■ EXERCISE INSTRUCTIONS:
The answer must consist only of the lines in the records below from the line with "ユニセックス Bershka リブ半袖Tシャツ 60443719 衣類 赤" to the line with "Dékaflore vous propose", both included, copied word for word with every picture left out.
____
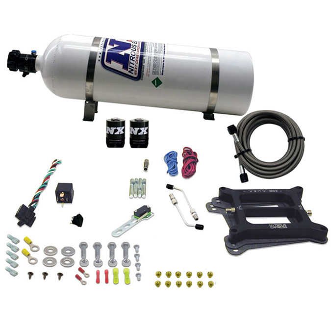 The conventional Stage 6 is the perfect entry level nitrous system for the budget minded sportsman racer. These systems feature the most advanced technology using the conventional spraybarless design. The Phase 3 series plates are the Next Generation in nitrous performance and reliability. This new innovation in nitrous plate technology provides superior distribution and outstanding atomization. With no spray bars to sag, split, block airflow, or damage this is truly the Next Generation in nitrous plate technology. Systems come complete and include limited lifetime guaranteed Lightning solenoids, heavy duty 40 amp relay, 10lb bottle, stainless bottle brackets, and extra long supply line. (Alcohol version)
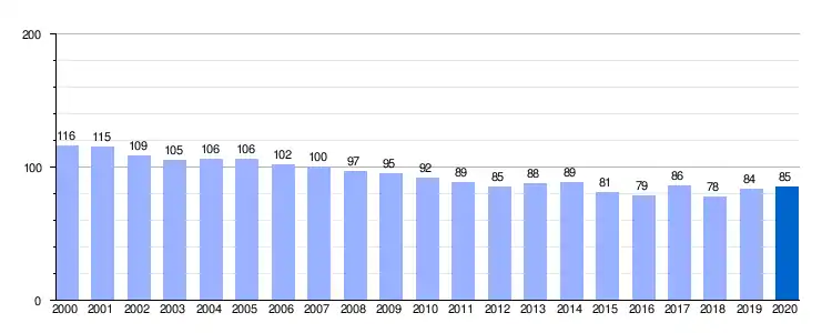 642 | 727 | 766 | 713 | 736 | 851 | 817 | 590 | 383 | 257 |
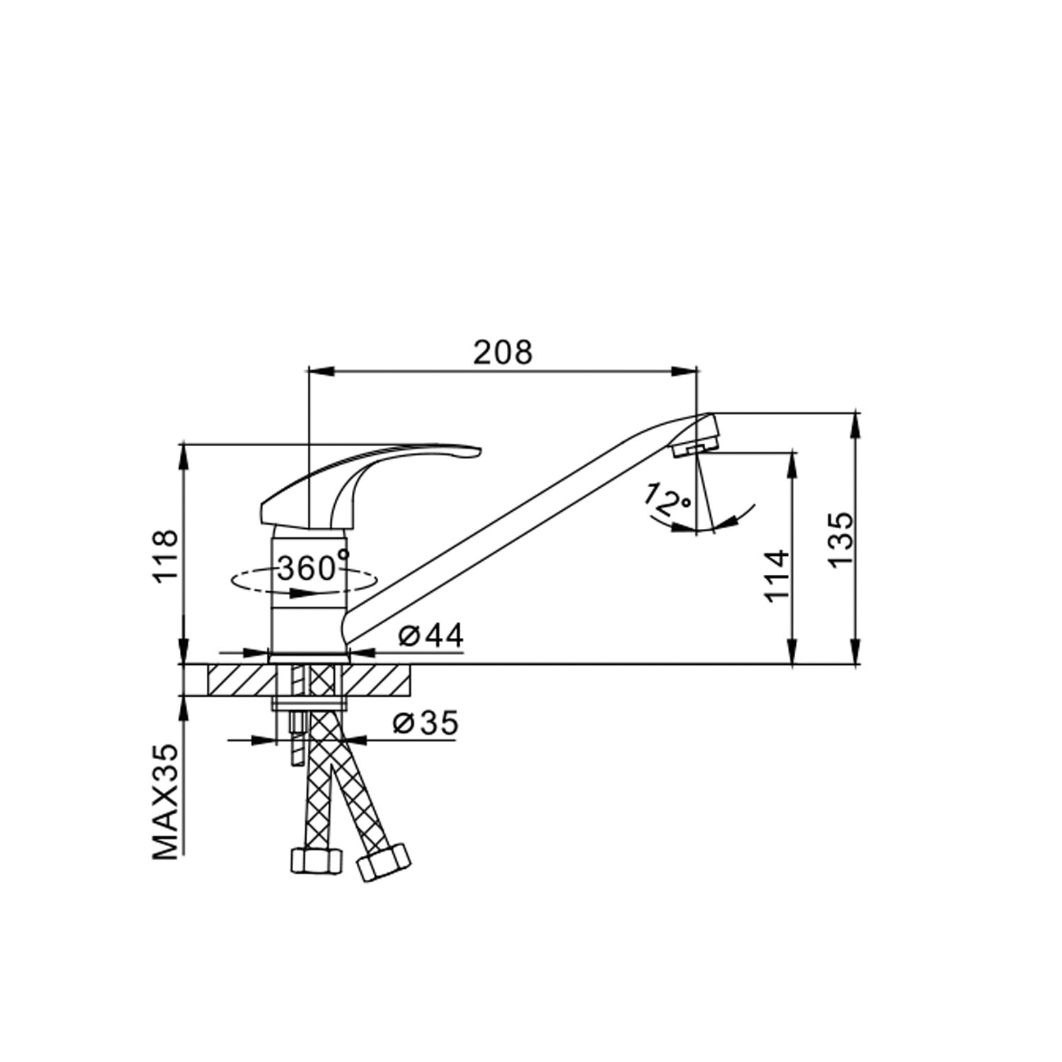 Высота смесителя, мм
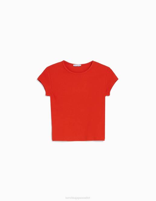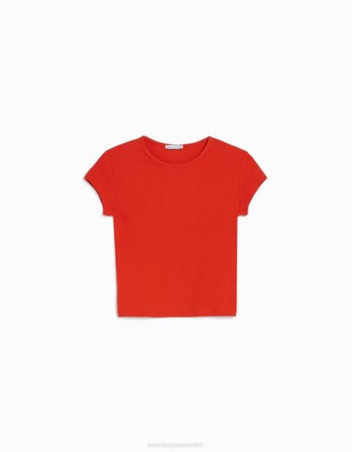 ユニセックス Bershka リブ半袖Tシャツ 60443719 衣類 赤
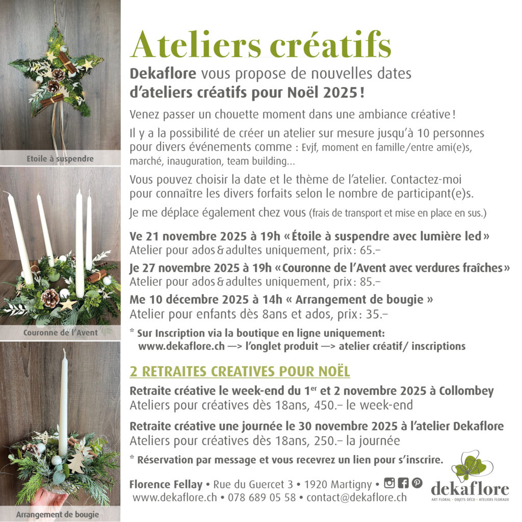 Dékaflore vous propose 3 nouvelles dates d’ateliers créatifs pour Noël 2026
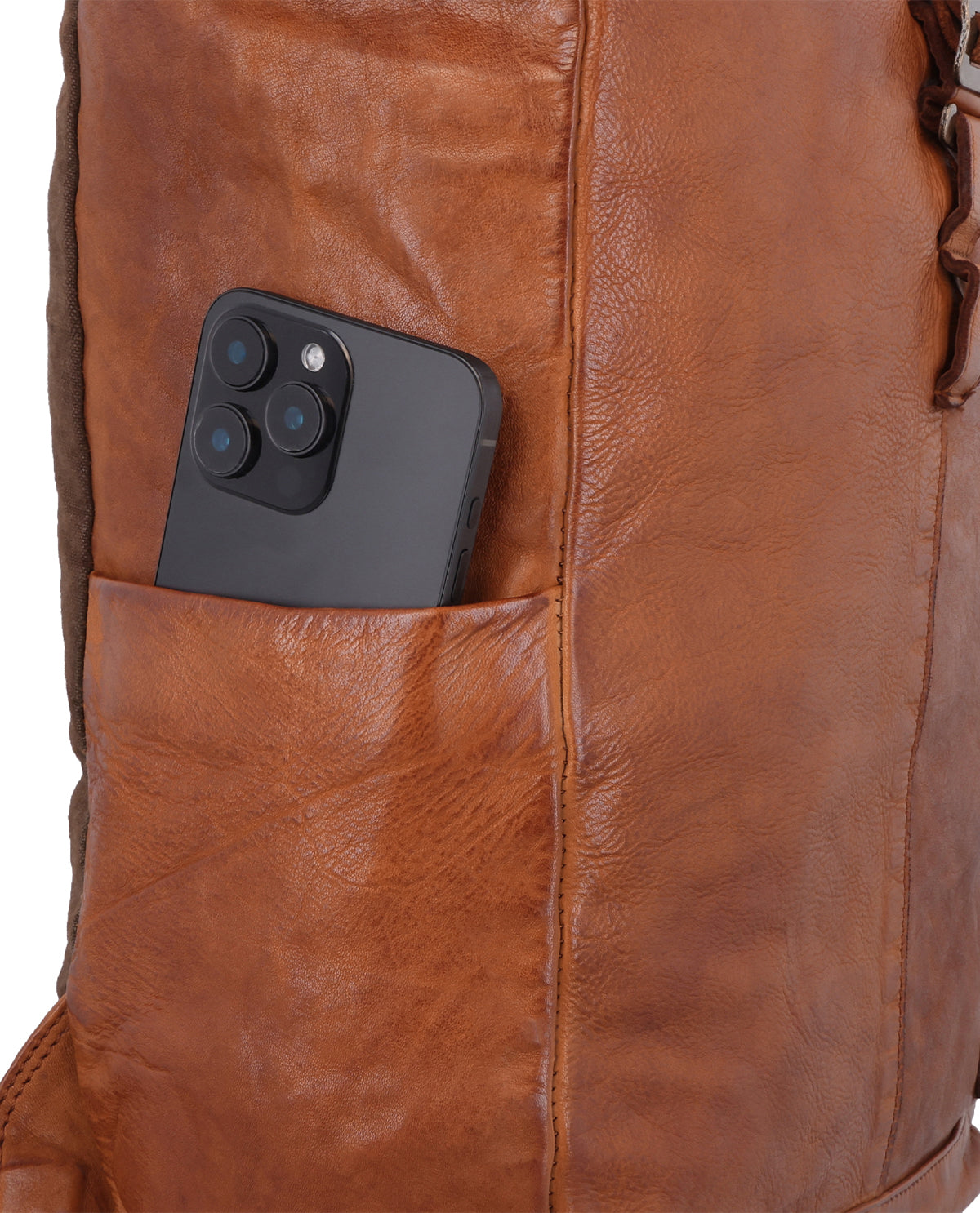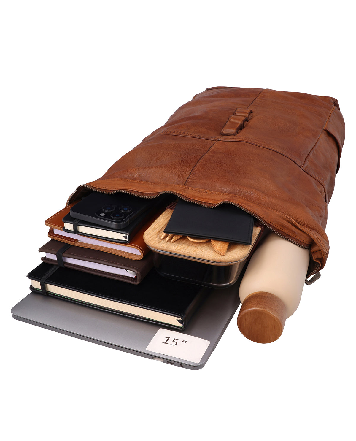 Ob für Schule, Uni oder Arbeit – unser Rolltop-Rucksack „Bendik“ passt einfach immer. Inspiriert durch Berlin überzeugt er mit Flexibilität, hohem Tragekomfort und großzügigem Platzangebot. Dieser klassisch-robuste Daypack aus honigbraunem Leder fällt besonders durch sein trendiges Rolltop auf – ein Look, an dem man momentan einfach nicht vorbeikommt.
____
■ YOUR RESPONSE:
 ユニセックス Bershka リブ半袖Tシャツ 60443719 衣類 赤
 Dékaflore vous propose 3 nouvelles dates d’ateliers créatifs pour Noël 2026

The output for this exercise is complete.